I had a vague notion of why it was important to me, and to us, that we abstain for the next few months. It did not stem from any feelings of guilt for "jumping the gun" nor were we trying to impress anyone or prove anything. Our pact was simply about us and about God. Not having grown up in the Church, it would be an understatement to say I lack spiritual discipline. I haven't picked up my Bible in months, if not years and my prayers are sporadic, inconsistent and mostly self-centered. I've been craving a closer, more devoted relationship with my Holy Father and in light of the spiritual union and commitment Chuck and I are about to make, this seemed the perfect practice to honor God and the gifts of love, marriage and sex that He's bestowed upon us.
However, it wasn't until yesterday while reading A Walk Across the Sun, the story of two young girls who are orphaned by a tsunami and soon after abducted into the world of sex trafficking, that it occurred to me why our abstention is so significant. I am pretty familiar with the gruesome and sickening realities of global sex trafficking and modern-day slavery having worked with IJM in college. But it was not until I was immersed in the story of young girls whose innocence was brutally stripped away from them, that it began to dawn on me just how blessed I am to be given the gift of sex in my relationship.

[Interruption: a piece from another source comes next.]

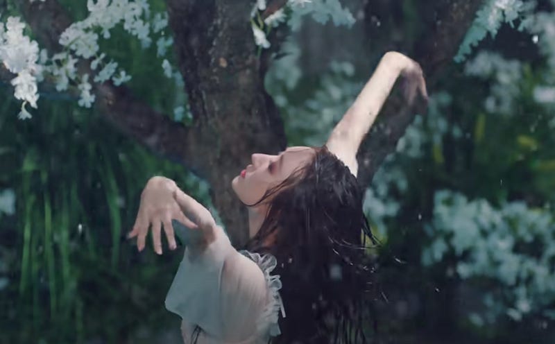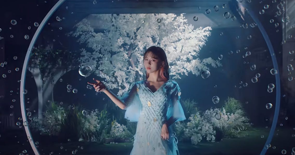 Multiple images depict Dreamcatcher in their role as water priestesses working with the water to try to purify the Tree of Language which, according to Siyeon in the “5 Minutes Before 6” radio interview at 42:15, “used to be so big in ‘Scream’ [but] got hurt so much that it gets smaller…it’s so upsetting”. We see the Tree, much reduced in size and with only a small number of white flowering fruit in the background, with Dreamcatcher in multiple shots working with water to try to help it along — SuA performing a flowing dance in the rain, Yoohyeon working with a body of water with air bubbles, and JiU sitting amongst its blossoms and running her hand through the water pool.
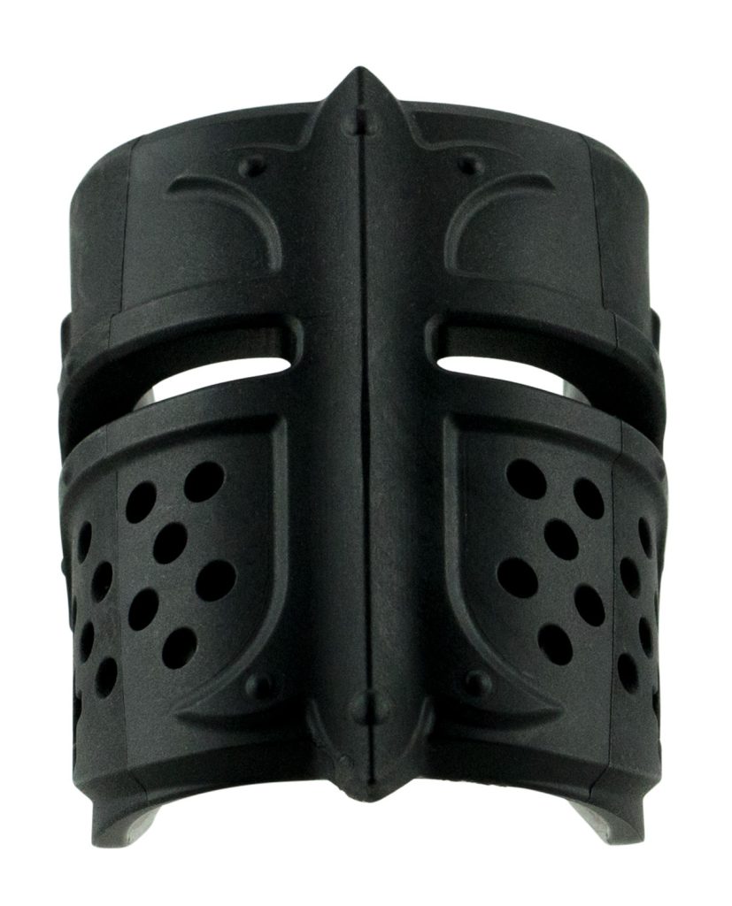 The Mojo is the first product developed with the recreational shooter in mind. It transforms the standard AR Magwell into a comfortable and ergonomic foregrip with a flared and extended magazine well that enhances reload speed, while adding an ornamental aspect to the civilian firearm. The Mojo has a system of easily replaceable grips; the Tactical grip can be used while performing drills on the range, and then quickly replaced with a Mask grip, according to personal preferences. It is constructed of a durable and lightweight fiberglass reinforced polymer and is compatible with M16 5.56×45 lower receiver variants, without a flared magazine well. (May not work well with the PMAG GEN3) This model has a black finish and Crusader mask.

When Chuck and I first...ahem...consummated our relationship, it was rooted in love and trust. We had found each other and were ready to demonstrate our commitment to one another through this beautiful act of intimacy. I distinctly remember Chuck asking me the next day my feelings about the events that transpired because we had a mutual understanding of just how significant this step in our relationship was. For millions of girls, they will never know that feeling of affection and trust. They will not bask in the warm embrace of the man they love. Rather, they will be hurt. They will come to associate a beautiful gift from God as ugly, painful and cruel. They will begin to view sex not as the physical representation of love in their lives, but as a commodity.
It is because of those girls that Chuck and I are abstaining from sex until we are legally wed. It is because of those girls that we have come to understand what a gift sex is and we intend to treat it as such.
It is because of those girls that we will thank God for sex.